Williams also got in a dig at one of Sainsbury’s competitors (“I know I’ve seen a few [zombies] at Tesco”) and asked for the management to show some leniency if they ever busted one of their workers chewing on an unbaked pie. That would be gross enough on its own, but another Sainsbury’s shopper commented after finding similar bite marks in the BBQ chicken pizza he’d bought at his local branch. “I still ate the pizza,” Harry Hoy wrote. “May die because an infected person took a bite before me.”

WTF, Sainsbury’s?! It can’t be the same person in both cases, because the second chomper was allegedly roaming the refrigerated section of a store in Norfolk—which is 300 miles away.
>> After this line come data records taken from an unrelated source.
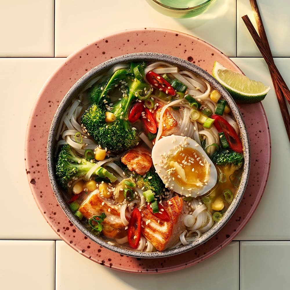 Fetaostbakad lax med basilikadressad grönsakspasta
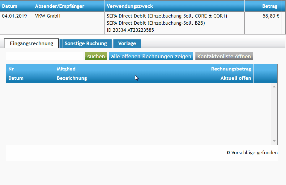 Eingangsrechnungsuchen, ob die Rechnung bereits erfasst wurde. Hier ist die Rechnung nur bei Verwendung der speziellen Funktion “Eingangsrechnungserfassung”, welche standardmäßig NICHT freigeschalten ist. - Wenn – im Standardfall – keine Eingangsrechnung erfasst wurde, das Register
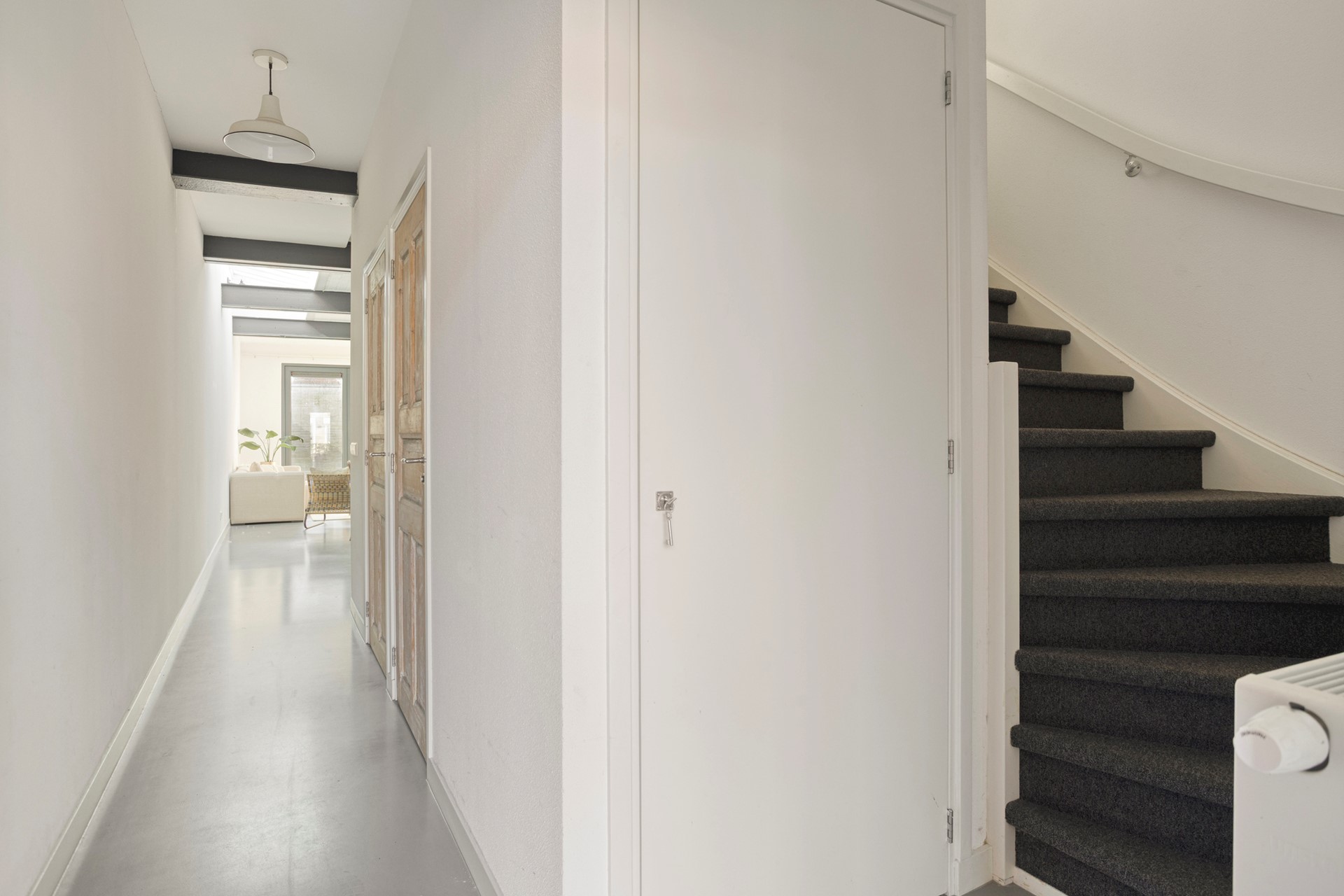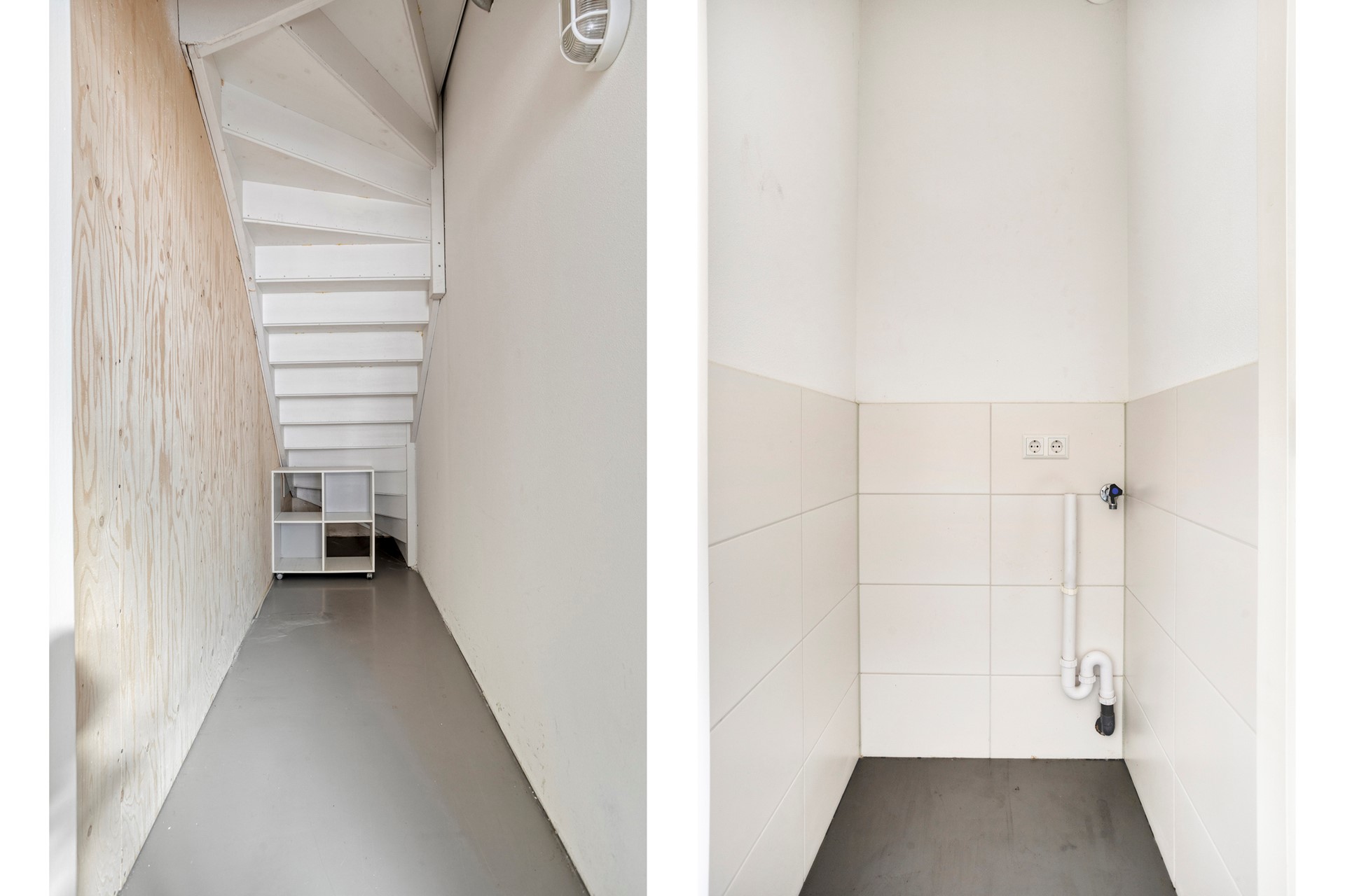Je betreedt de woning via de royale entree. In de hal bevinden zich de meterkast, het toilet en een praktische berging met aansluitingen voor wasmachine en droger. Alles is hier strak afgewerkt en direct klaar voor gebruik.
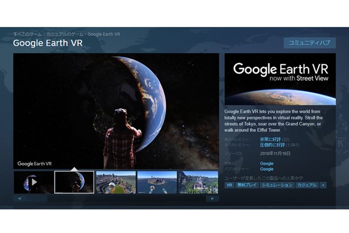 「Google Earth VR」。グーグルが提供するVRゲーム。仮想現実で再現した世界を旅できる。建造物や地形がとてもリアルに再現されており、思わず見入ってしまう
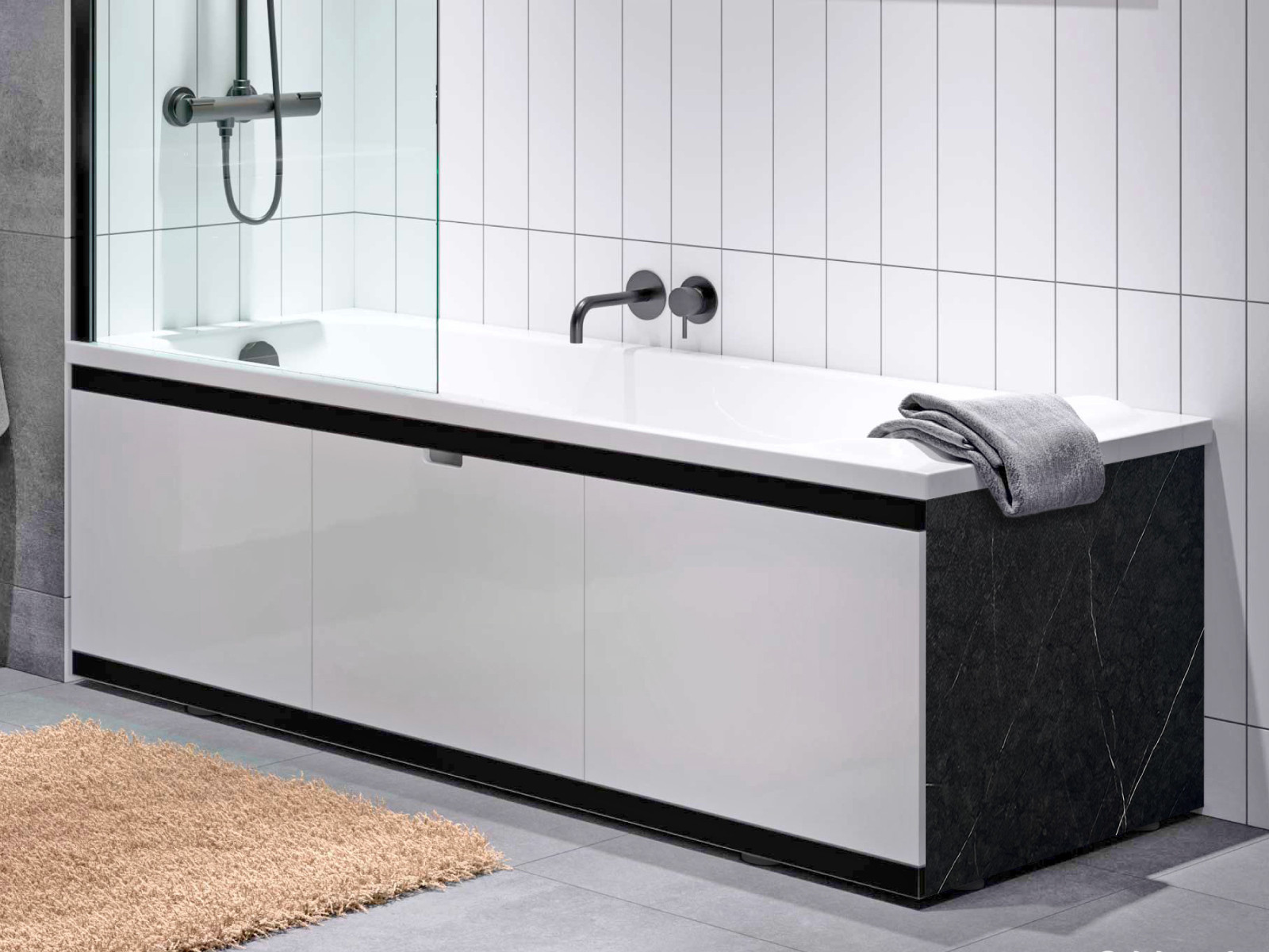 - Экран под ванну МДФ Rita Black 1800 мм белый

Regardless, Sainsbury’s tried to blandly assure the customers that it wasn’t one of its employees, probably. “This product is prepared on site and we can assure customers our colleagues do not have an appetite for uncooked pizza,” a spokesperson for the chain said.

In the pizza biter’s defense, maybe one bite is all he or she thought she could afford. Last month, a Sainsbury’s shopper in Birmingham, England got an unappetizing surprise on his receipt when the store tried to charge him £225.25 ($314) for one 10” Margherita pizza. The correct price was a more reasonable £2.65 ($3.70) “I mean, there is expensive pizza then there’s Sainsbury's pizza,” he told Birmingham Live.

But that pizza is apparently so good, people can’t even wait to get it in the oven. Or out of the wrapper. Or out of the store.